If $d$ divides $3^k-1$, then mod $d$: $3^k\equiv1\implies3^{12}\equiv3^{12-k}\implies1\equiv3^{12-k}$. So if $d$ is bad, then $d$ divides some $3^k-1$ for $k\in\{1,2,\ldots,6\}$.
If $d$ divides $3^k-1$, then mod $d$: $3^k\equiv1\implies3^{2k}\equiv1$. So if $d$ is bad, then $d$ divides some $3^k-1$ for $k\in\{4,6\}$.
So you only need examine divisors of $3^4-1=2^4(5)$ and $3^6-1=2^3(7)(13)$. From the odd divisors of $3^{12}-1$, exclude the subtree of $5$ (that is, $\{5,1\}$). And exclude the subtree of $(7)(13)$ (that is, $\{91,13,7,1\}$). That is five things to exclude, and leaves $16-5=11$ such odd divisors.

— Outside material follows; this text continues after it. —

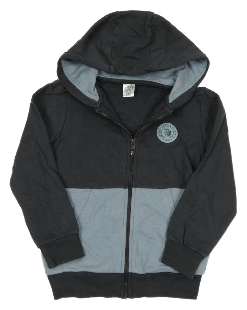 Černošedo-šedomodrá propínací mikina s nášivkou a kapucí little kids
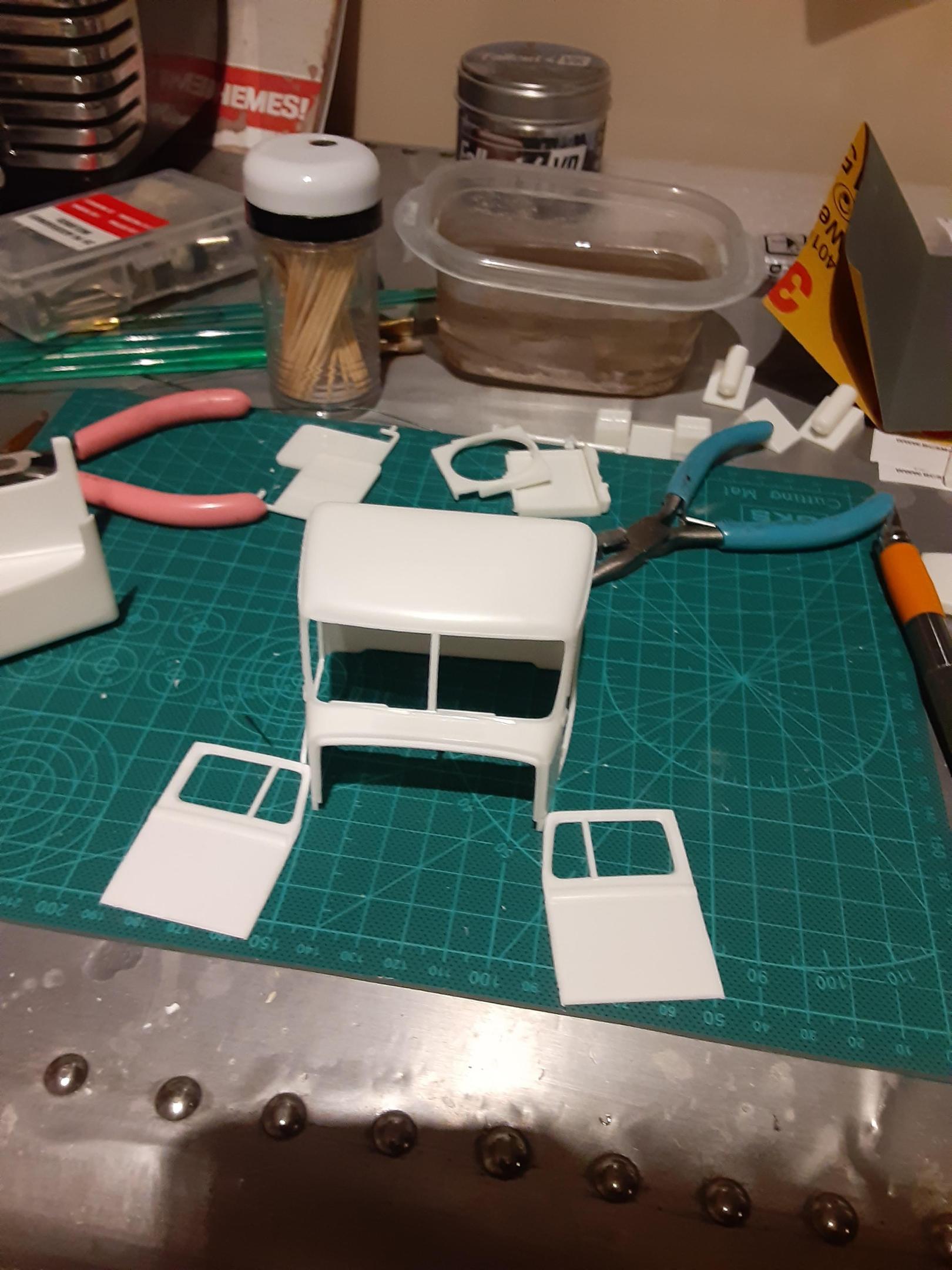 Got the chassis and components painted. Cut the doors open and hinged them will i wait for parts to dry

From the even divisors of $3^{12}-1$, exclude the supertree of $2$ within the divisor tree for $3^4-1$ (that is, $\{2^{\{1,2,3,4\}}5^{\{0,1\}}\}$). And exclude the supertree of $2$ within the divisor tree for $3^6-1$ (that is, $\{2^{\{1,2,3\}}7^{\{0,1\}}13^{\{0,1\}}\}$). That is 17 things to exclude, and leaves $64-17=47$ such even divisors.